— А в ее деле стрелочками не указано в сторону этого князя?
— Нет, но гипотетически возлюбленных разлучили. Капнист отправили на медные рудники. В надежде, что преждевременные роды скроют неприятности, о которых надзиратели должны уведомлять начальство письменно. Рада родилась за четыре месяца до освобождения, на рудниках Джезказгана.
— За что второй раз графиню с младенцем приговорили к десяти годам заключения?
— Ссылка на поселение не облегчила судьбу графини. Из письма Капнист, адресованного в управление МГБУ Красноярского края, вырисовывается картина ее мытарств.
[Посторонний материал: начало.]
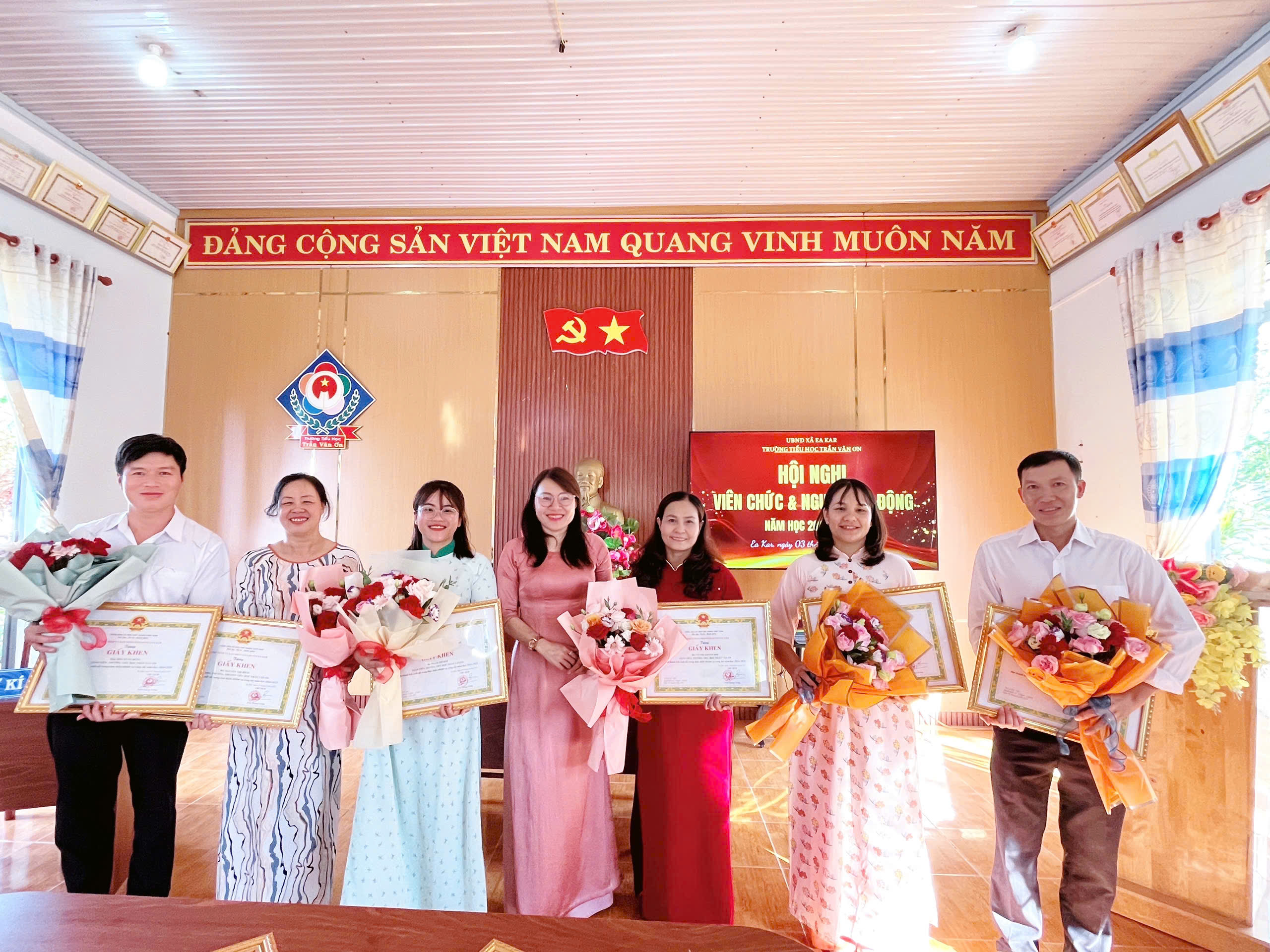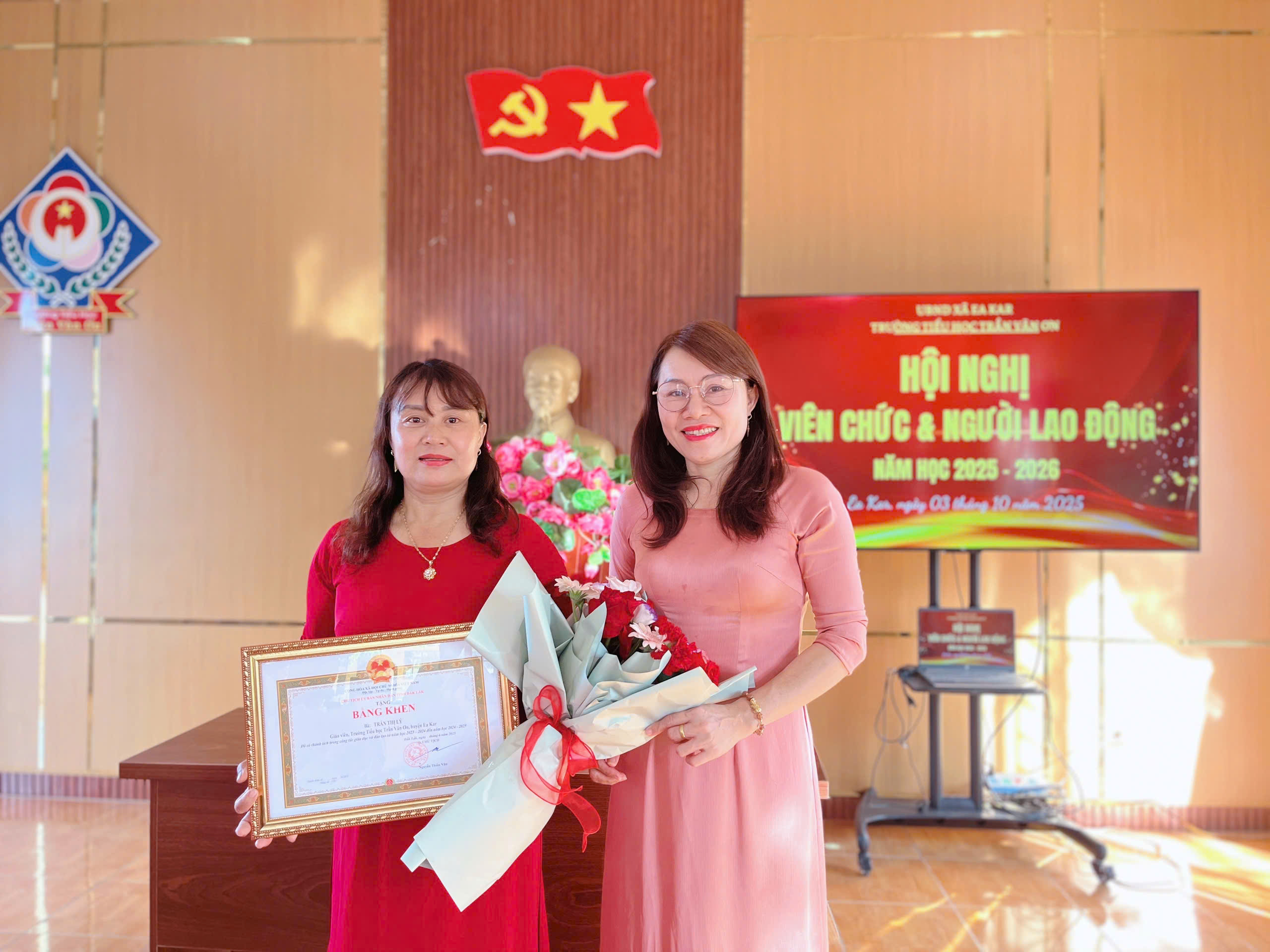 Sau phần tiếp thu và trả lời các ý kiến là phần trao tặng giấy khen cho các danh hiệu thi đua năm học 2024-2025.
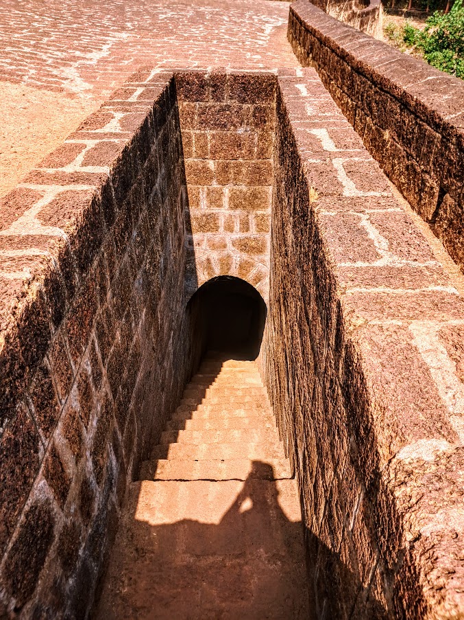 There are four entrances, the main and 3 subsidiaries gates of which one is a secret passage now closed. As we enter through the main gate, a climb of about 20 stairs leads to the open plain area covered by laterite stones. There is a staircase going down to a secret underground passage which was closed for the visitors. On the right side of the secret passage, there is a watch tower with a flag post. This flag post is used to unfurl India's flag during the Independence Day. As we move to the left side, there is a big round well now covered with grills on the top as a precautionary measure. The well has water throughout the year.

С маленьким ребенком никто не хочет предоставить даже угол. Да и с жильем в тех краях туго. На работу в клуб ее не берут по идеологическим соображениям. А к физическому труду после восьми лет лагерей Капнист не способна.
— Это она так пишет?
— Она называет другую причину: «вследствие увечья правой руки, полученного на производстве». Письмо исполнено отчаянья. В нем есть размышления о самоубийстве, но чувствуется, что ее держит ребенок. При этом у нее хватает еще иронии на такие строки: «Ведь если я была виновата, то честно отбыла срок наказания в лагерях, о которых вспоминаю с большой теплотой. Там я ударно трудилась и была обеспечена всем». Все перечисленные подробности подшиты к делу. На нем стоит резолюция: «Содействовать!». Эта милость на два года облегчила ее участь. Ей разрешили переехать в село Казачинское Красноярского края, где она начала проводить антисоветскую агитацию. В новом приговоре указано несколько пунктов ее личного недовольства властью. Например: «В апреле 1950 года Капнист в присутствии Сальковой возводила клевету на советскую власть, материальные условия жизни колхозников, при этом восхваляла жизнь народов в одной из капиталистических стран». Три свидетеля дают несколько показаний, и вина подсудимой доказана, тем более что Капнист не отрицала, что отношения у нее со свидетелями нормальные.
— Получается, ее спасла смерть Сталина?
— Да. Как известно, в первую очередь реабилитировали тех, кого судила «тройка». Неизвестно, выдержала ли бы эта истощенная женщина новый срок. Однажды я показал специалисту ее почерк и подпись до арестов. Рядом положил открытки и письма, адресованные мне в последние годы ее жизни. «Лагеря ее не сломили. Рука осталась твердой», — услышал подтверждение своих собственных мыслей.